In this thread cash being greater than market cap (or cash per share greater than price) was mentioned. I don't quite get the aim of that (I would deduct liabilities), but I need to get my post count up if I'm ever to enter the monthly tipping comp, lol, so I thought I'd have a look.
There were 135 that I found with cash greater than market cap. Someone mentioned profits so I thought that might narrow it down, and it did, to 19 stocks. Barely any of any size though.
View attachment 49235
Your data is out of date for at least some of these. Mmx and dmg have sold assets and paid the capital return. Some Others have tones of redbank, centro and mqg are on that list. CKK is a complete basket case and directors are unlikely to give the money out. BEL is trading below NTA but it's a plaything of it's major holder. RIS is a stange one i looked at years ago but it has the liquidity of granite at room temperature.
So I'm wondering if this is more along the lines of what we were getting at? ...
Are you seeking takeover targets?
Or pre-loved undervalued stock?
Personally, neither. I'm wanting to understanding what others looking for these types of stocks are looking for......
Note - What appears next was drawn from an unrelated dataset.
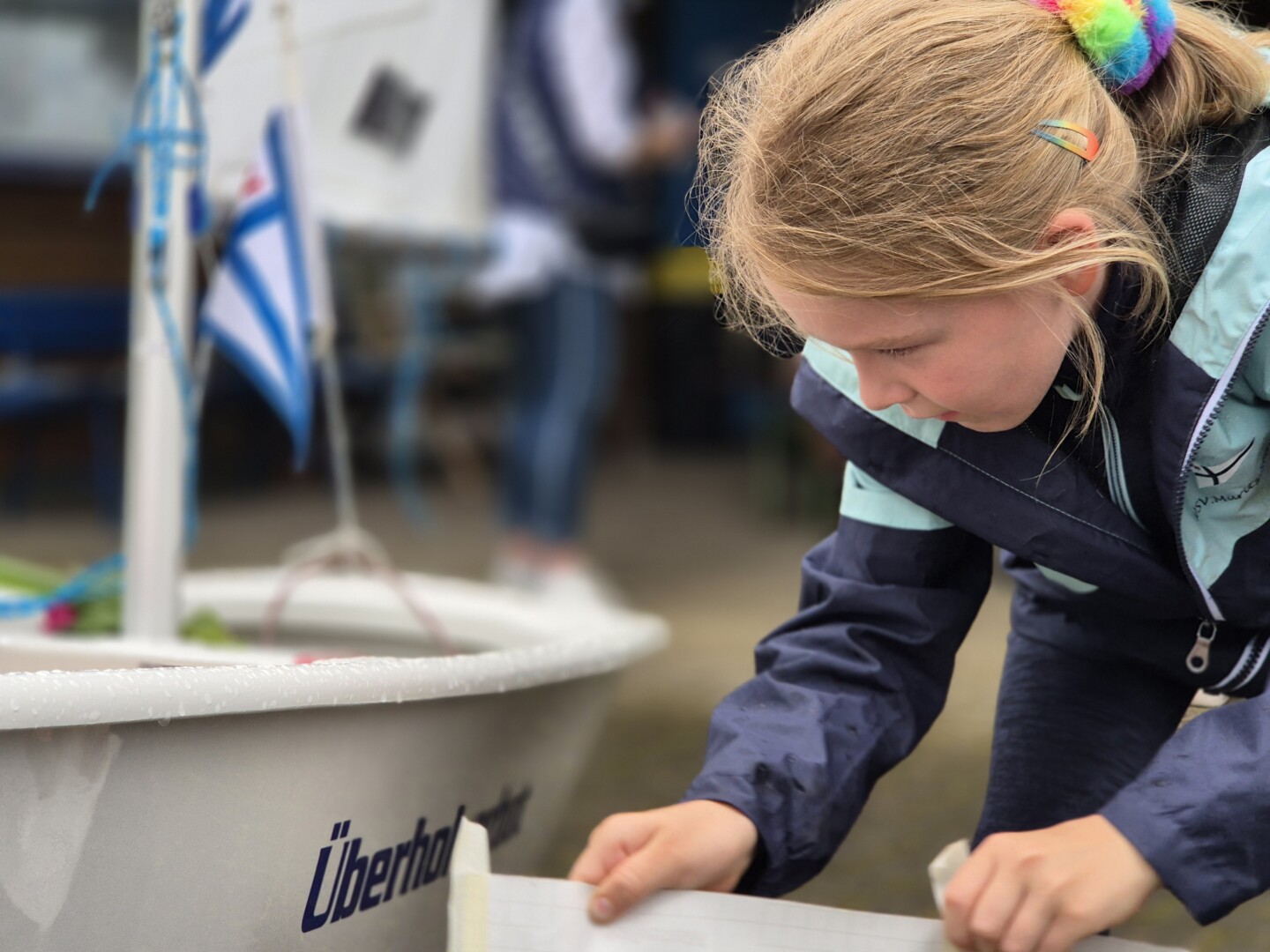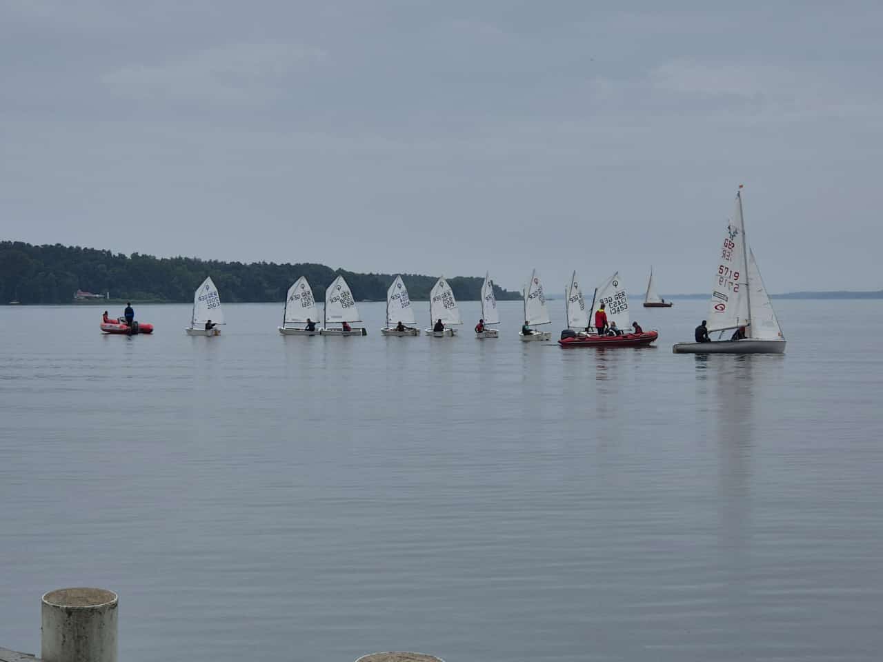 Die Ehre der Taufe wurde der sechsjährigen Katy zuteil, die als eine der jüngsten Seglerinnen des Vereins die Boote offiziell taufte. Katy zeigt mit ihrer Begeisterung und Freude am Segelsport, dass sechs Jahre ein ideales Einstiegsalter ist. Und so schreckte das Wetter mit wenig Wind und leichtem Regen Katy und ihre Segelgruppe nicht davor ab, auf den See zu fahren. Unter der Anleitung von Tobias, einer der vier ehrenamtlichen Trainer, übten die Sportler vor den Augen der Spendern. Dabei haben die neuen Optimisten die Motivation und den Enthusiasmus der Kinder deutlich gesteigert.

Perhaps you seeking troubled companies, in the way that Warren Buffett does!
But then he is capable of swallowing them whole, and turning them around!
So I'm wondering if this is more along the lines of what we were getting at? This is Free cash flow greater than market cap (equivalent of saying free cash flow per share greater than current price), as opposed to balance sheet cash. (BTW, Listed in order of free cash flow to market cap).
This is most recent reported...should I have used past trailing 12 months?
Negative earnings aren't of interest here, because we're only wanting to look at cash - right?
I don't think 'seeking troubled companies' really defines Buffet's strategy.....
No, I'm pretty much just exploring an idea taken from here as mentioned above.
Lol. Hastie!
If I make sure a scan and comes up with a company that's bankrupt, I will check my data and query very carefully.
Lol. Hastie!
If I make sure a scan and comes up with a company that's bankrupt, I will check my data and query very carefully.
I will do. I'm not really getting anywhere with clarifying the idea from the previous thread though!
I looked at TTA Holdings (Code: TTA) which is on one of the lists above a few weeks ago. They distribute TEAC branded products in Australia.
The cash on their balance sheet is not distributible. They need it to meet the loan requirements that are falling due.
Geoff Gannon said:Is a formulaic approach – investing by pure statistics in dozens of stocks at the same time – a viable value strategy?
Yes. In fact, it’s very simple to boil down the essence of Graham’s approach into a strategy any investor could profitably follow for years:
1. Dividend Yield > Median Dividend Yield of all stocks
2. P/E< Median P/E of all stocks
3. P/B (Tangible)< Median P/B (Tangible) of all stocks
4. Tangible Equity/Total Liabilities > Median Tangible Equity/Total Liabilities of all stocks
Rank by tangible equity/total liabilities.
When I say distributable I mean cash that they are free to use as they please (ie. it is removable from the funding of the core operations). Capital return, dividend, fuelling future growth - that sort of thing.So, we want cash that is distributable? Why?